* [Work request]: Exclude the pictures, then restate every entry below exactly.

* [Records excerpted from a collection]:
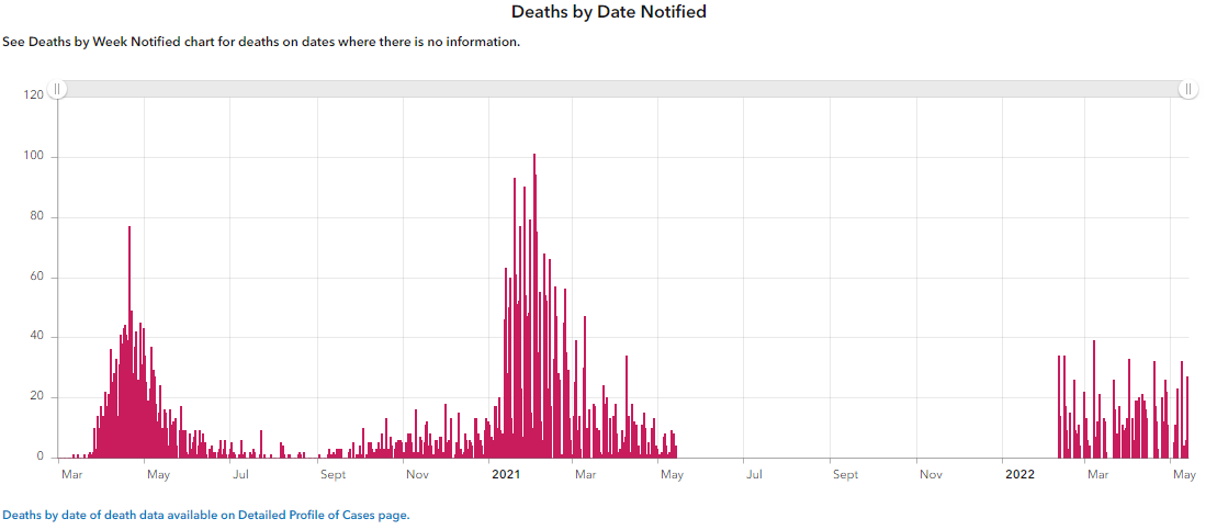 You can still go on to the Irish Covid dashboard and see the scary charts they produced to enforce lockdowns. Here is the chart for deaths by date notified.
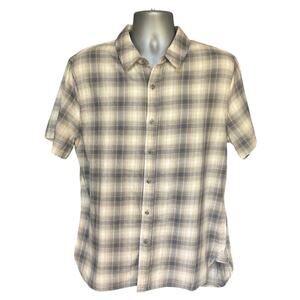 NWT Magaschoni Button Down Size M Neutral Gray Short Sleeve Plaid
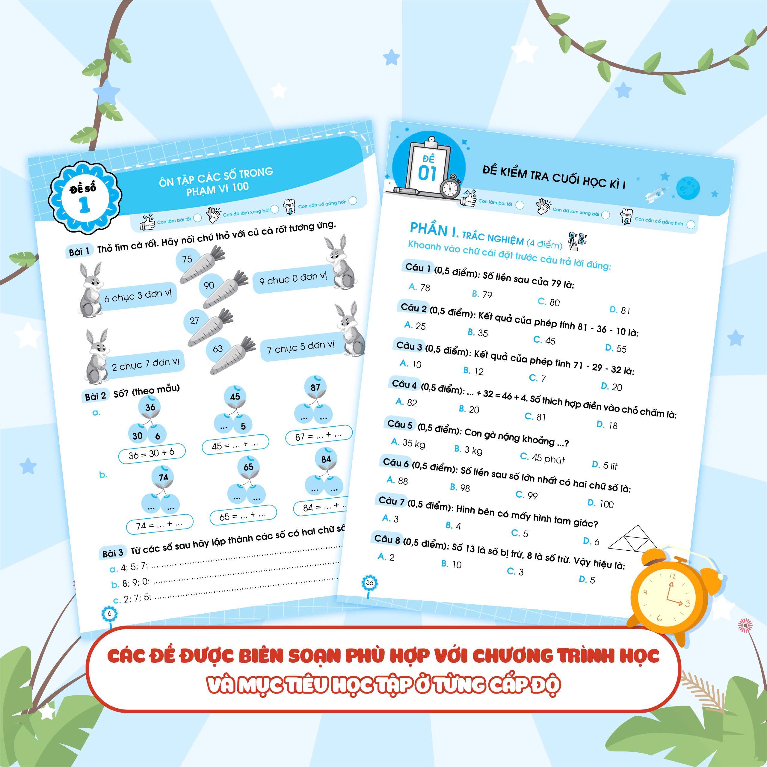 Mỗi cuốn sách cung cấp 5 đề kiểm tra cuối học kì để kiểm tra, đánh giá kiến thức tổng hợp của học sinh.
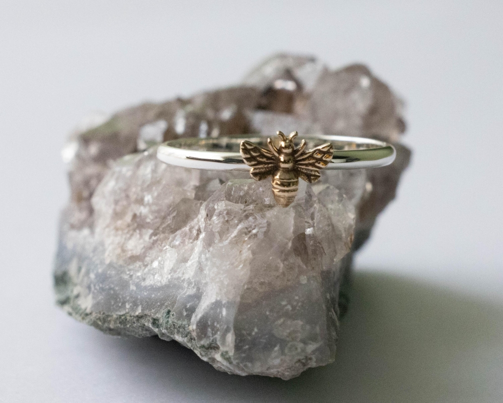 925 Sterling Silver Ring with Tiny Bronze Bee
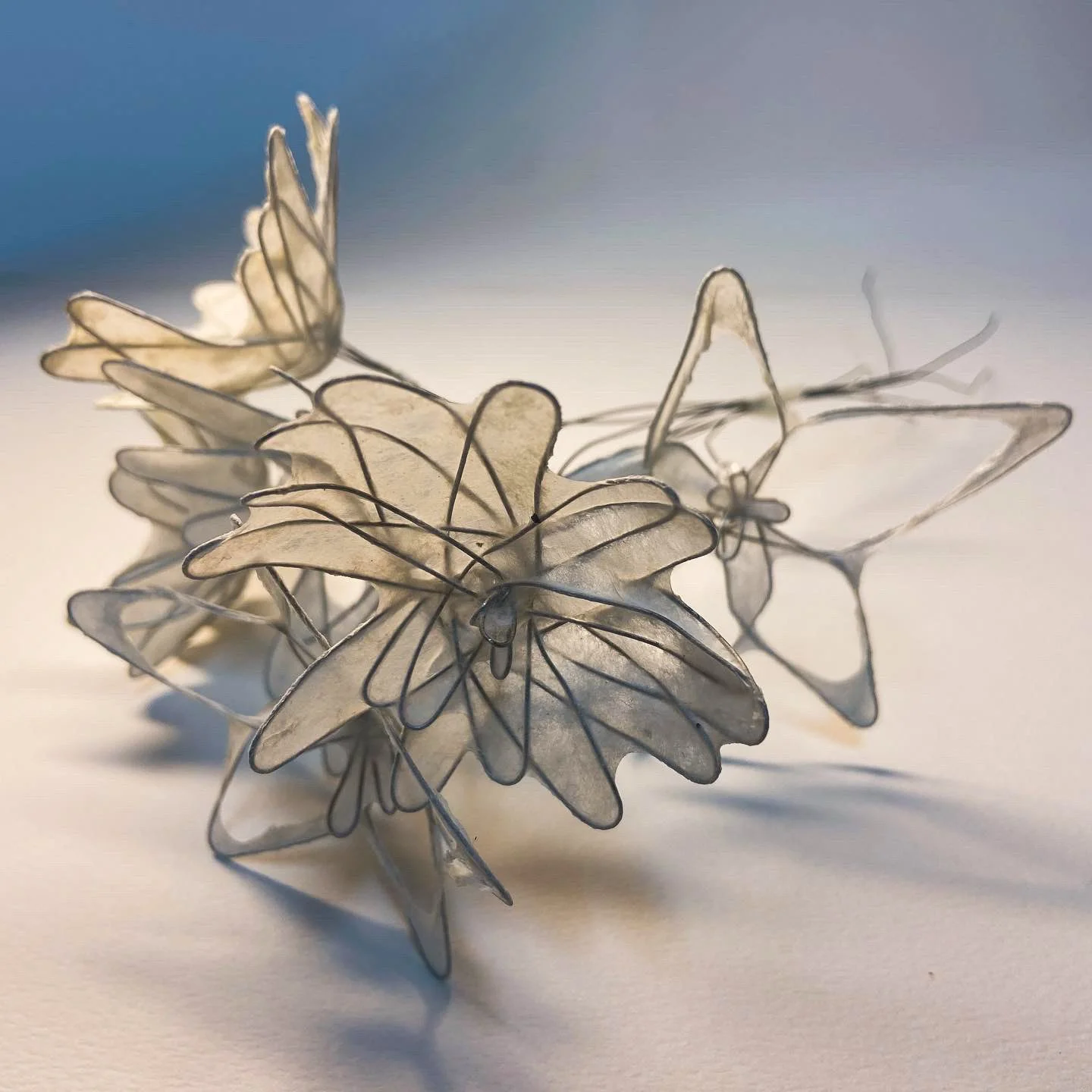 Flowers created by dipping formed wire into high-shrinkage abaca paper fiber.
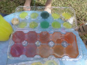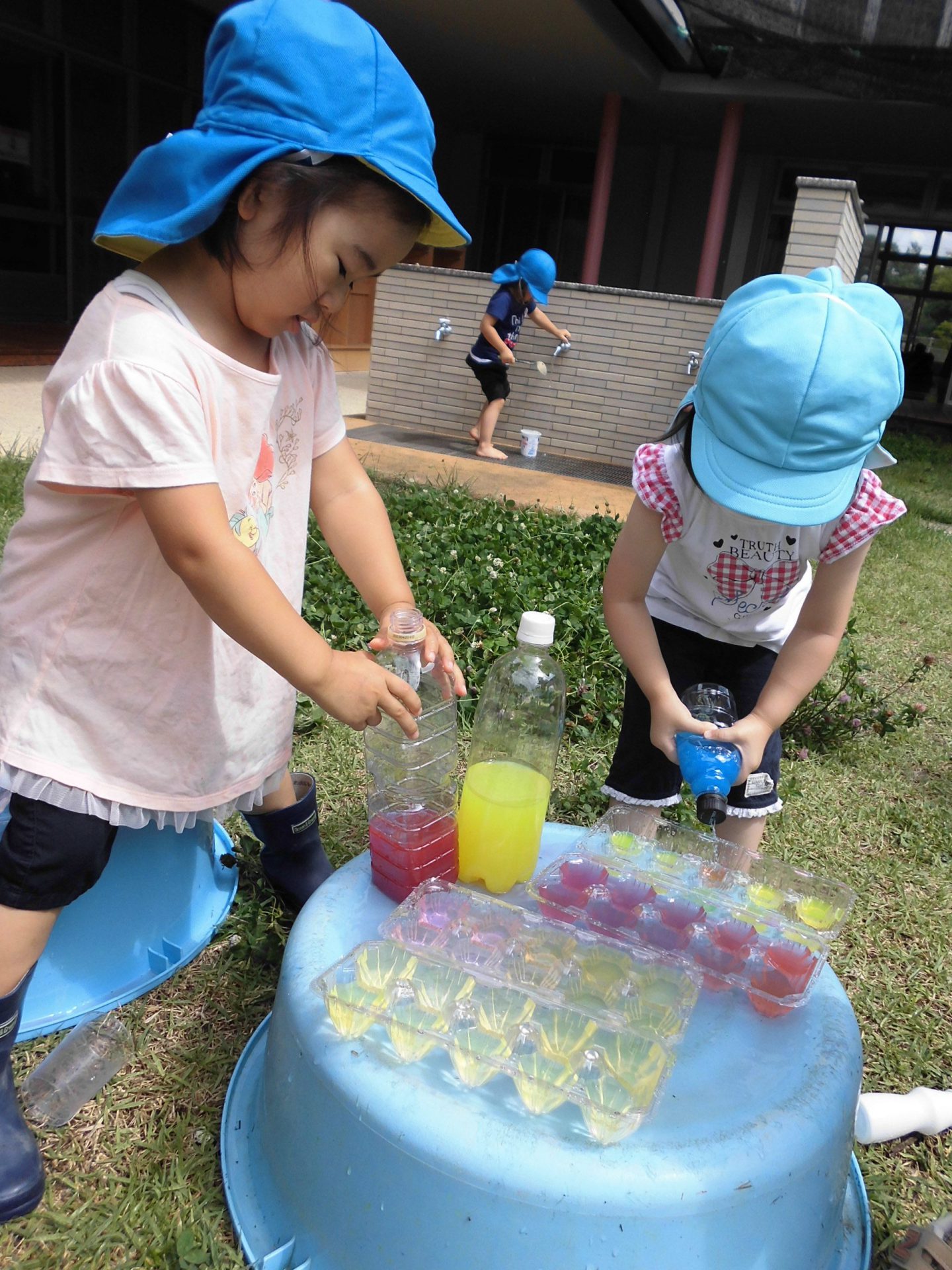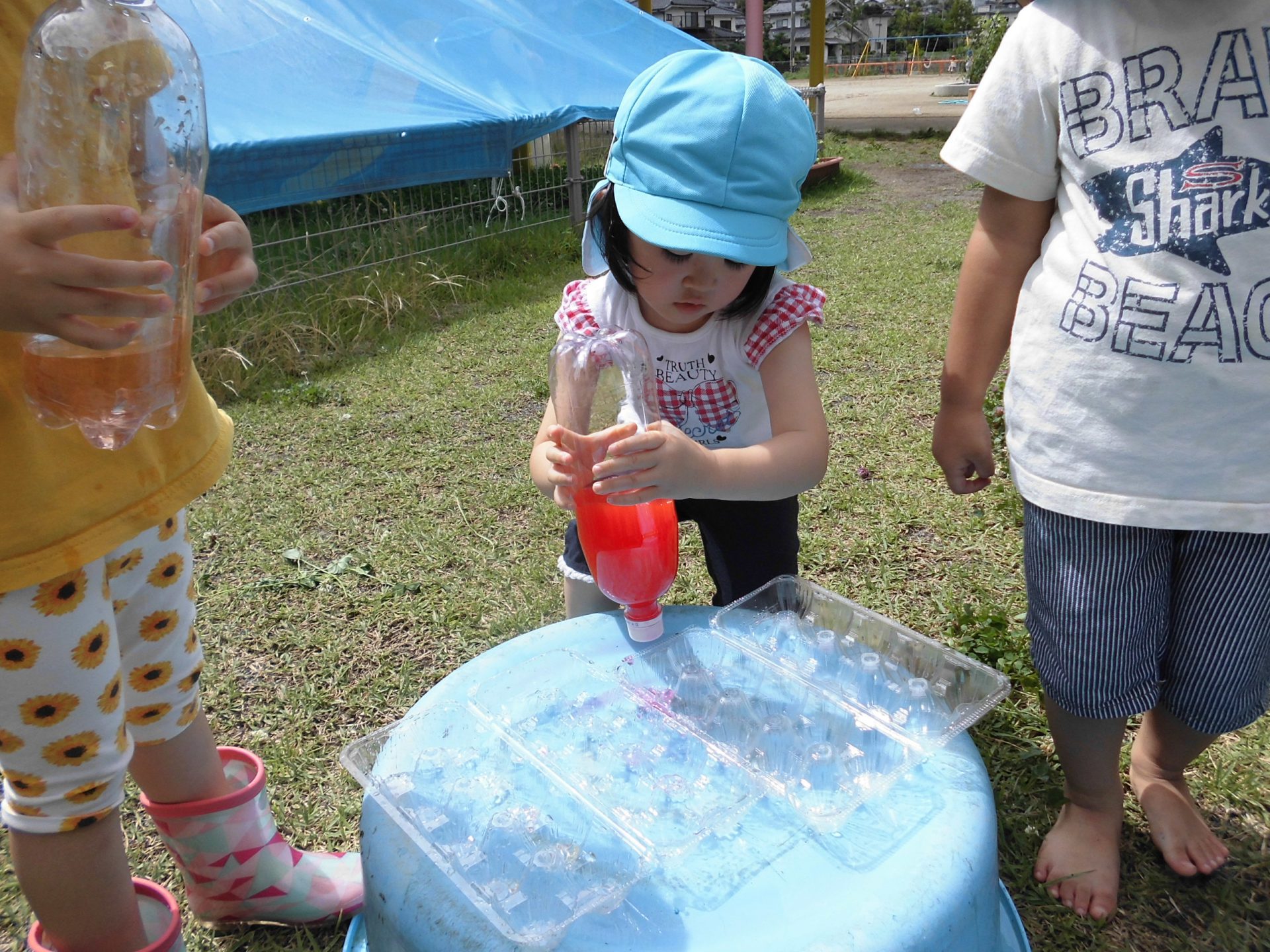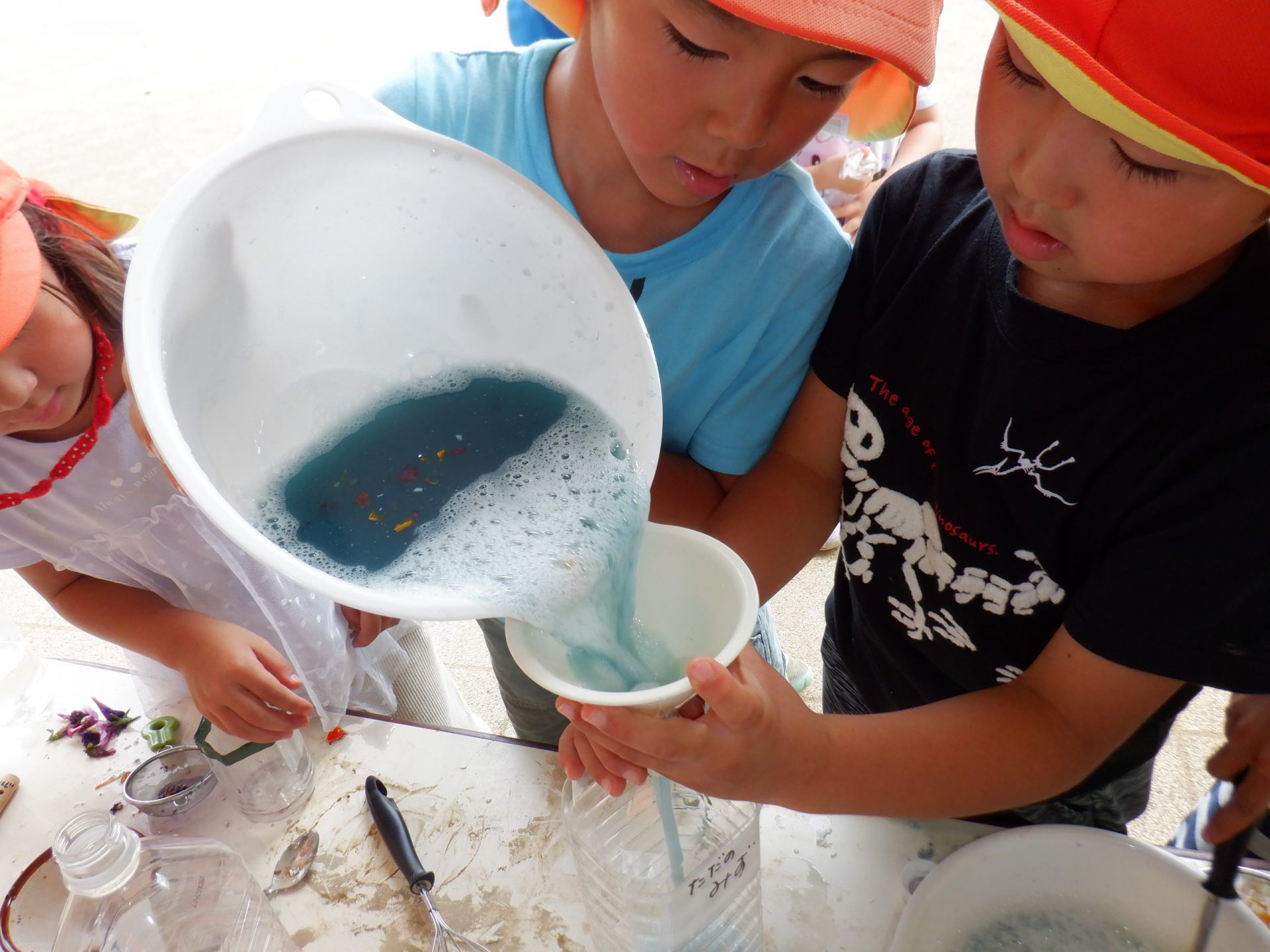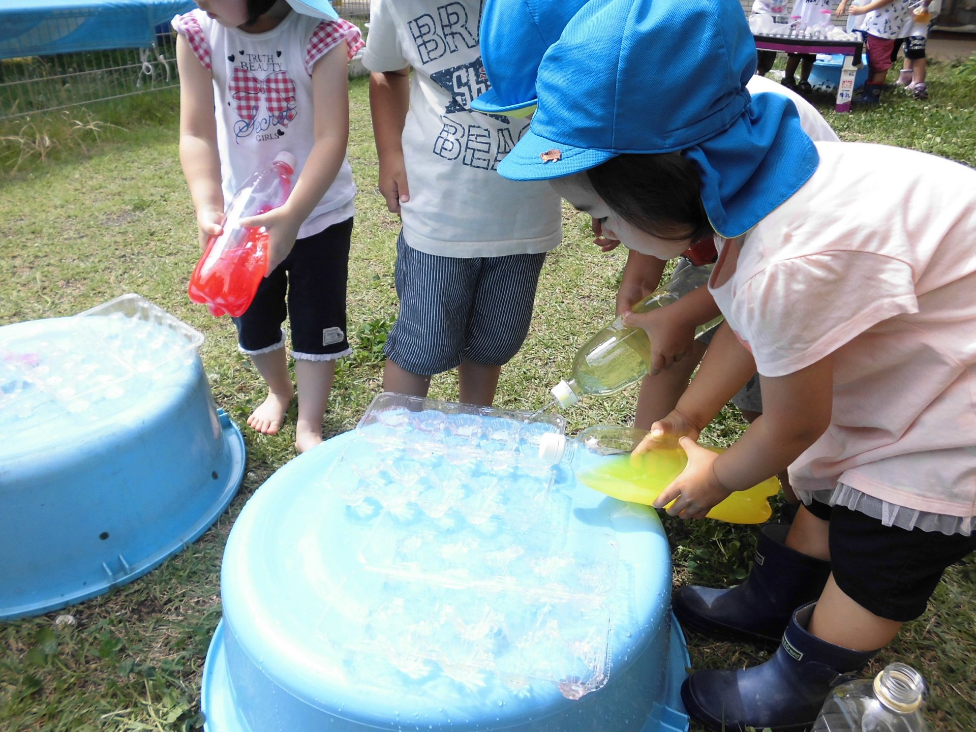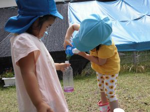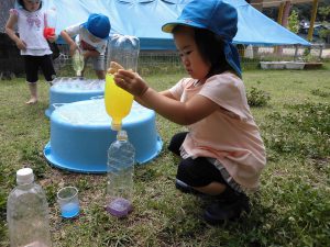 年長さんは“魔法の粉”を色水にいれて色を変えたり、泡を作ったりして遊んでいます。
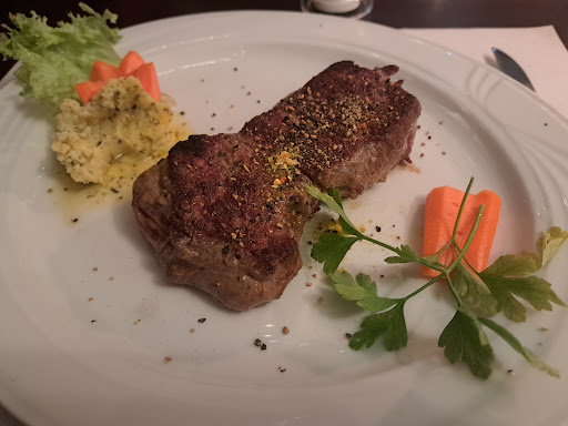 Im großen und ganzen muss man einfach sagen, dass es eine sehr gute wahl ist dort essen zugehen. Die Karte bittet eine grosse und breite Auswahl an Gerichten an, für gross, klein und coolerweise sogar Seniorenteller 🙂 das essen ist wirklich es klasse für sich, steak auf den punkt medium gebraten und noch schön saftig sowie butterzart zum schneiden, ein Genuss PUR! Einen Extra Punkt gibt es für das preisleistungverhältniss, dass man in der aktuellen Zeit wo alles so teuer geworden ist , noch so normale gute sowie faire Preise noch anbietet ist mega. Damit setzt man sich von dem Umfelde deutlich ab, ohne das die Essensqualität darunter leitet.
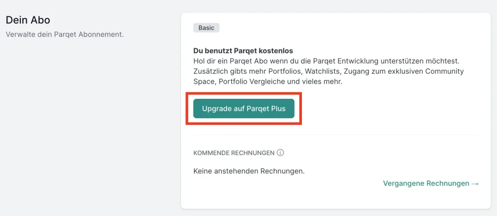 Schritt 2: Klicke in den Einstellungen auf „Upgrade auf Parqet Plus“.

* [Finished exercise]:
 You can still go on to the Irish Covid dashboard and see the scary charts they produced to enforce lockdowns. Here is the chart for deaths by date notified.
 NWT Magaschoni Button Down Size M Neutral Gray Short Sleeve Plaid
 Mỗi cuốn sách cung cấp 5 đề kiểm tra cuối học kì để kiểm tra, đánh giá kiến thức tổng hợp của học sinh.
 925 Sterling Silver Ring with Tiny Bronze Bee
 Flowers created by dipping formed wire into high-shrinkage abaca paper fiber.
 年長さんは“魔法の粉”を色水にいれて色を変えたり、泡を作ったりして遊んでいます。
 Im großen und ganzen muss man einfach sagen, dass es eine sehr gute wahl ist dort essen zugehen. Die Karte bittet eine grosse und breite Auswahl an Gerichten an, für gross, klein und coolerweise sogar Seniorenteller 🙂 das essen ist wirklich es klasse für sich, steak auf den punkt medium gebraten und noch schön saftig sowie butterzart zum schneiden, ein Genuss PUR! Einen Extra Punkt gibt es für das preisleistungverhältniss, dass man in der aktuellen Zeit wo alles so teuer geworden ist , noch so normale gute sowie faire Preise noch anbietet ist mega. Damit setzt man sich von dem Umfelde deutlich ab, ohne das die Essensqualität darunter leitet.
 Schritt 2: Klicke in den Einstellungen auf „Upgrade auf Parqet Plus“.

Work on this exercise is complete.